# Available data

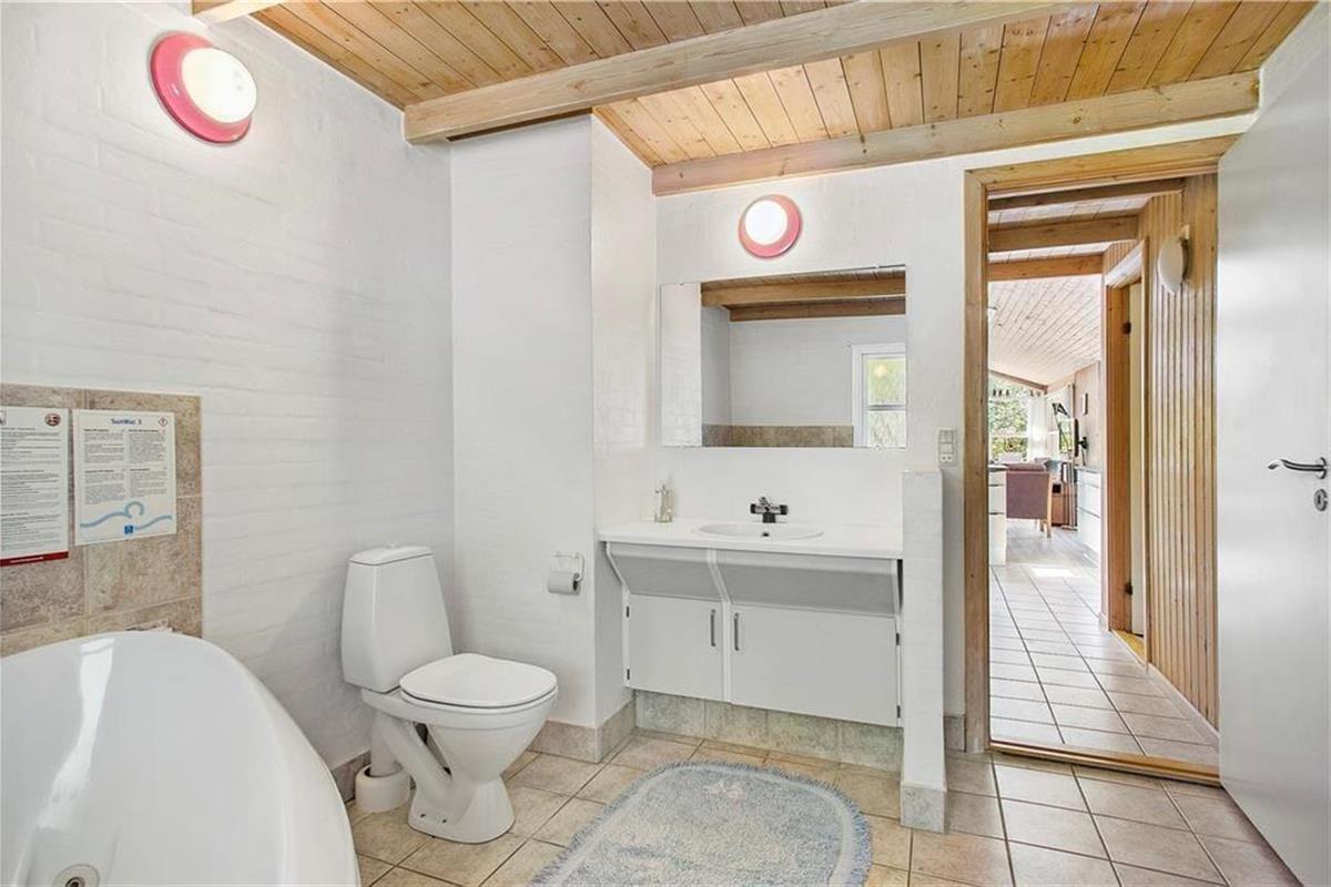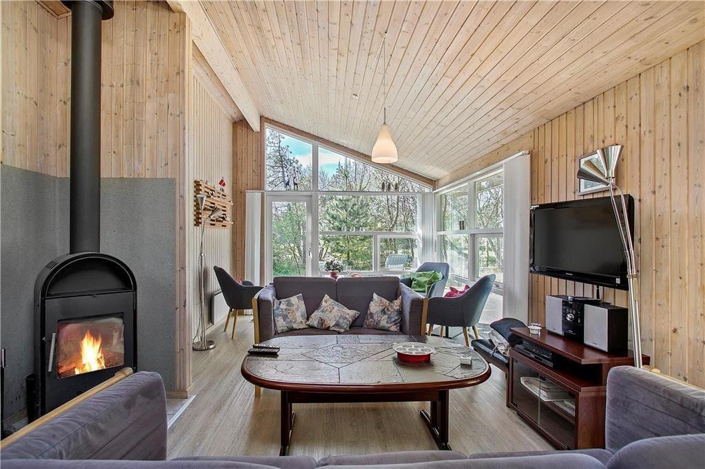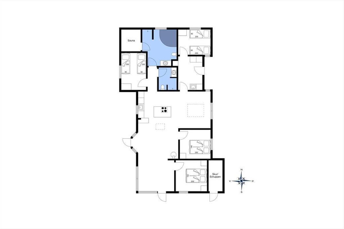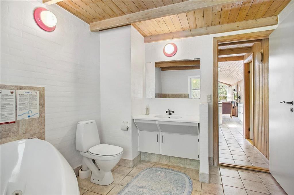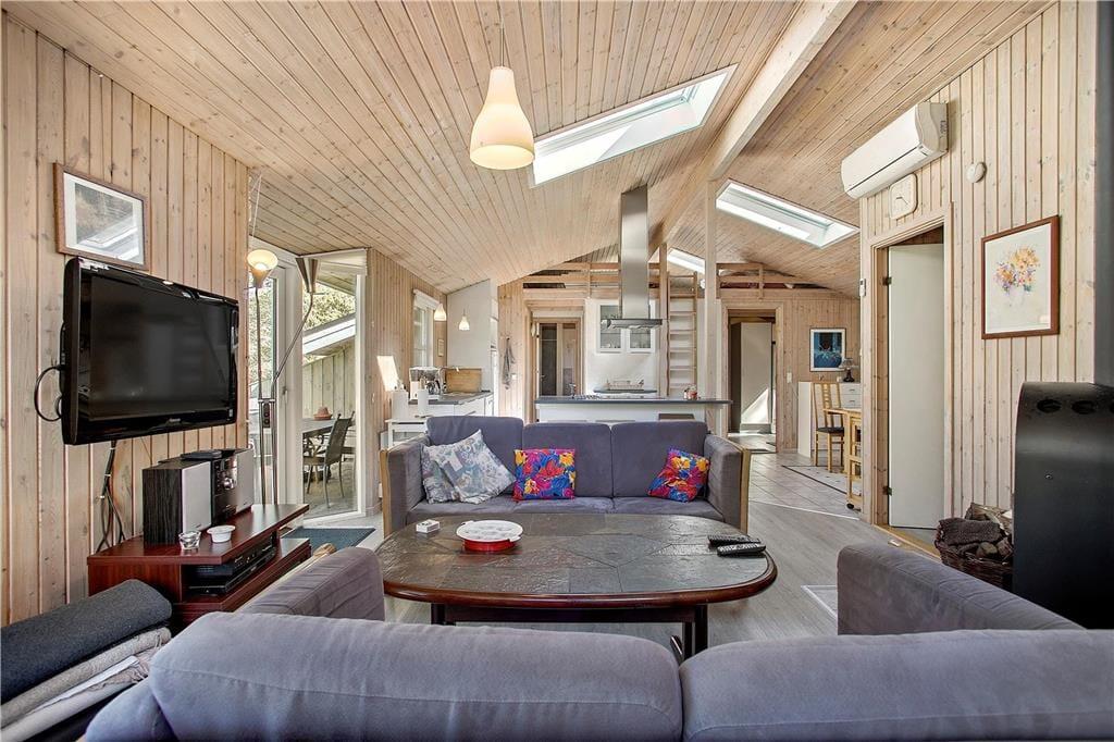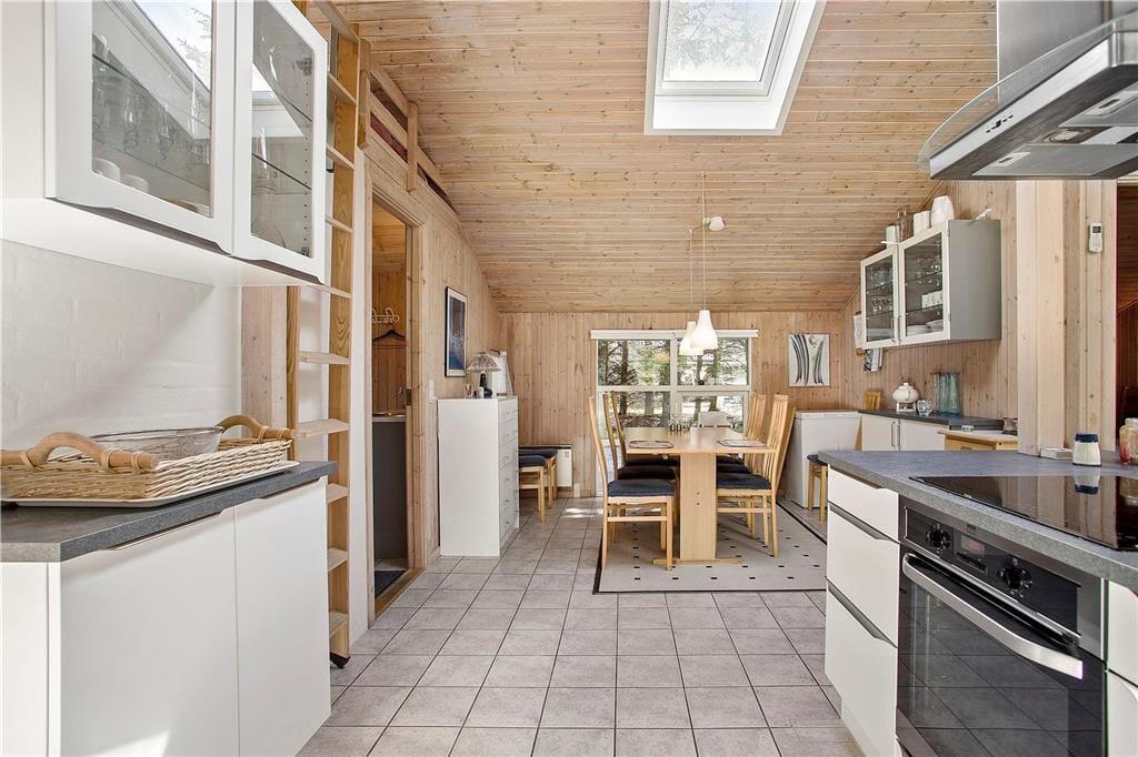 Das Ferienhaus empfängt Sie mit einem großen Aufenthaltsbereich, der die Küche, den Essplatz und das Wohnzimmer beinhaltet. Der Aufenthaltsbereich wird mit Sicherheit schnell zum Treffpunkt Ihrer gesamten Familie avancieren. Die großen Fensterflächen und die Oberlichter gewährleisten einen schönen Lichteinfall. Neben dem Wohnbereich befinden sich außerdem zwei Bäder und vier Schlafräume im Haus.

---

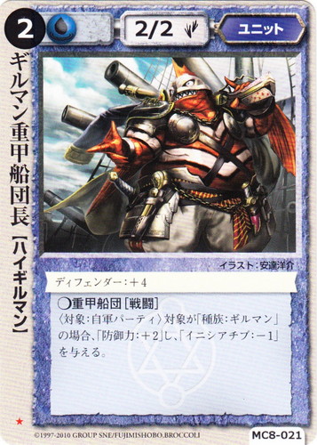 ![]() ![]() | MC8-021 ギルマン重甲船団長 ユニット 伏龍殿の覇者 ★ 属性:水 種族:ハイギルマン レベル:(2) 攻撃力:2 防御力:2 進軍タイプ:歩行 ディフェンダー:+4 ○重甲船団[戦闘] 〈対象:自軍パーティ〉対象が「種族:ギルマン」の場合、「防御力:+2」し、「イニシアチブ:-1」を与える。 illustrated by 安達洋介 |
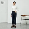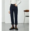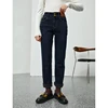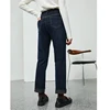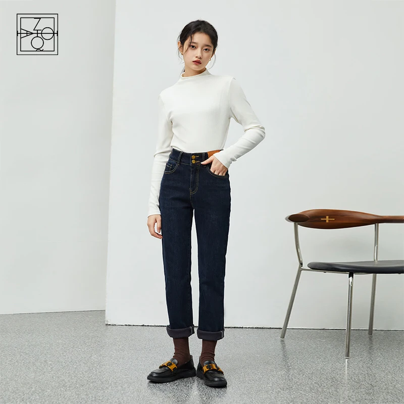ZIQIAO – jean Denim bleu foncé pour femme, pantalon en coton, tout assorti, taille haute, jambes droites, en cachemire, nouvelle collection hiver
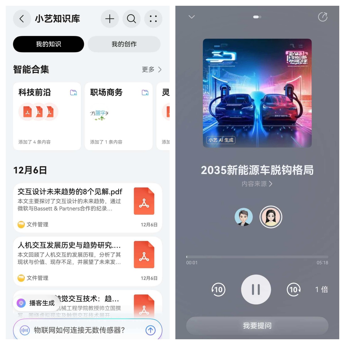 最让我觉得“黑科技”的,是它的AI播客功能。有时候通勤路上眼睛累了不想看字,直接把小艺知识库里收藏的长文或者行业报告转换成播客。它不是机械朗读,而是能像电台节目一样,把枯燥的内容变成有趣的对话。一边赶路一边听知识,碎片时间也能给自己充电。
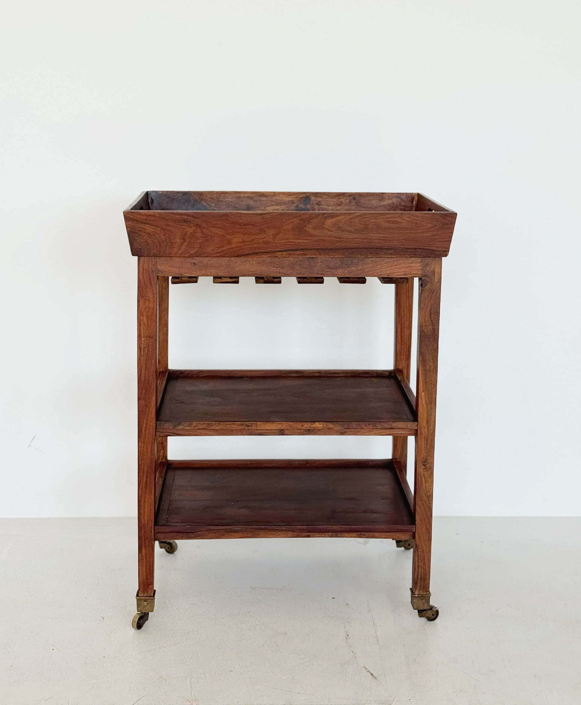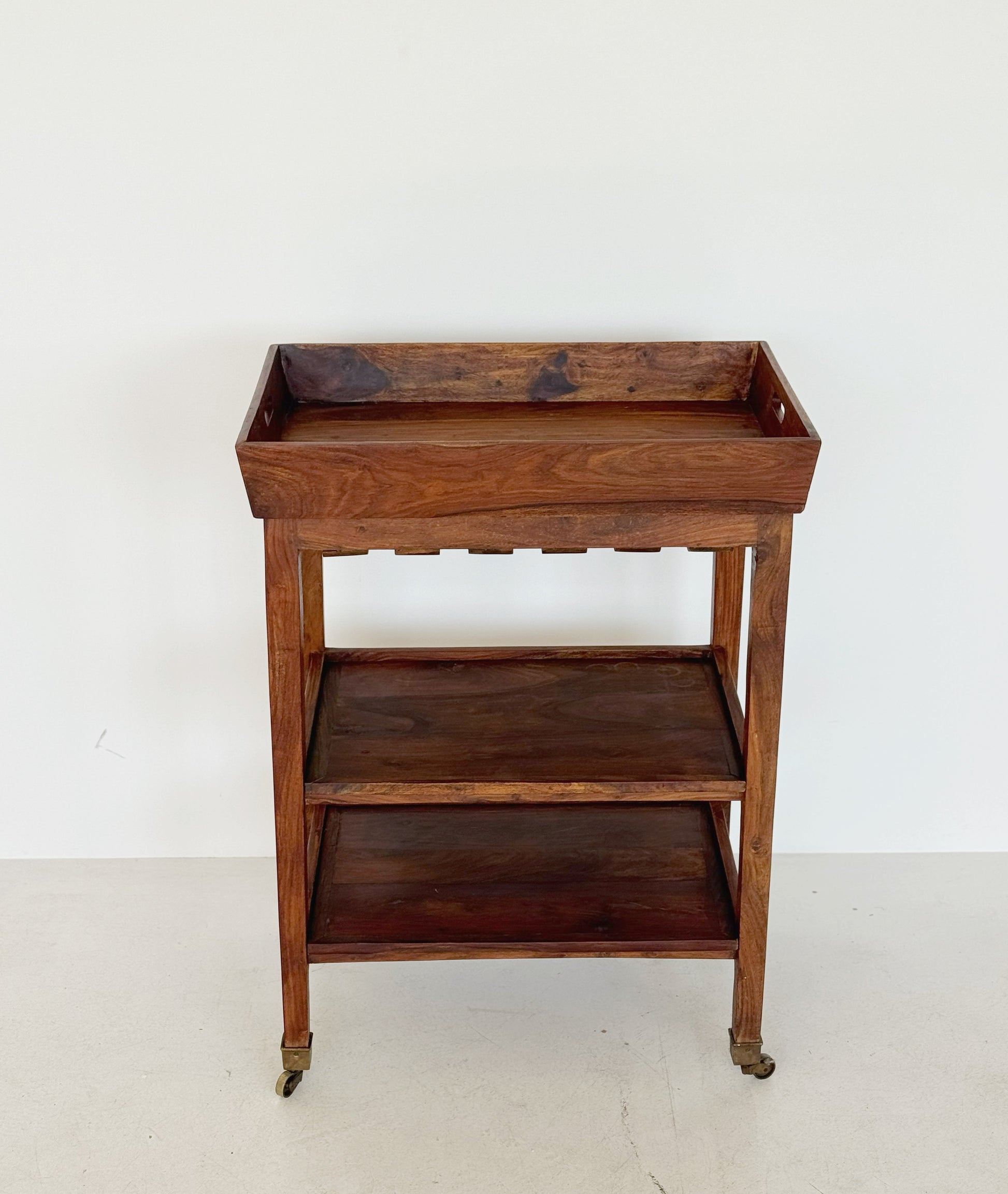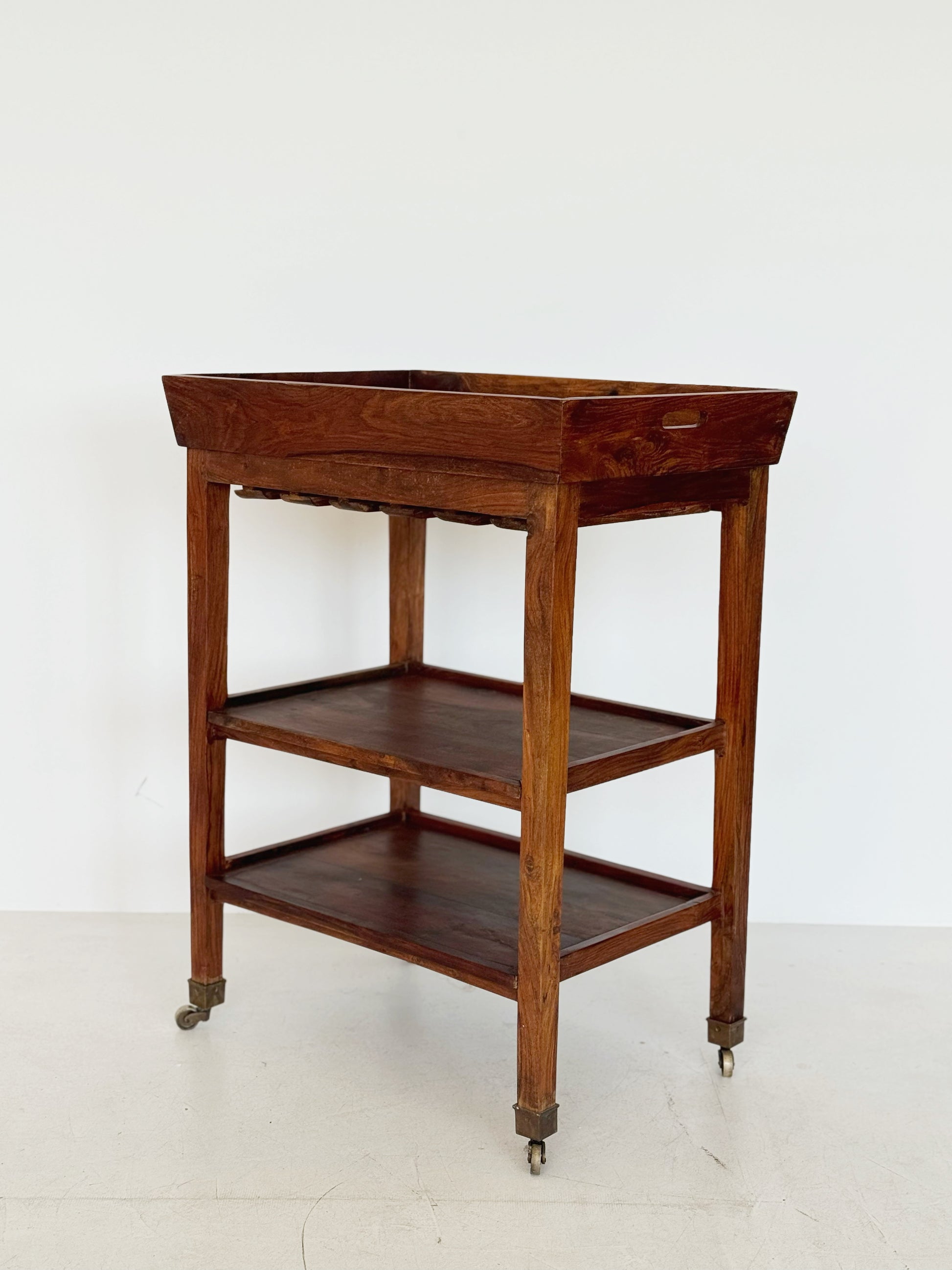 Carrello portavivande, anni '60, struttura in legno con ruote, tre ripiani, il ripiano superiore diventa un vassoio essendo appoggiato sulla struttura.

# What you are asked to do
Above are entries with pictures among them. Write out exactly the lines from the one containing "ZIQIAO – jean" through the one containing "Carrello portavivande, anni", ends included, and leave those pictures out.

# Solution to this task
ZIQIAO – jean Denim bleu foncé pour femme, pantalon en coton, tout assorti, taille haute, jambes droites, en cachemire, nouvelle collection hiver
 最让我觉得“黑科技”的,是它的AI播客功能。有时候通勤路上眼睛累了不想看字,直接把小艺知识库里收藏的长文或者行业报告转换成播客。它不是机械朗读,而是能像电台节目一样,把枯燥的内容变成有趣的对话。一边赶路一边听知识,碎片时间也能给自己充电。
 Carrello portavivande, anni '60, struttura in legno con ruote, tre ripiani, il ripiano superiore diventa un vassoio essendo appoggiato sulla struttura.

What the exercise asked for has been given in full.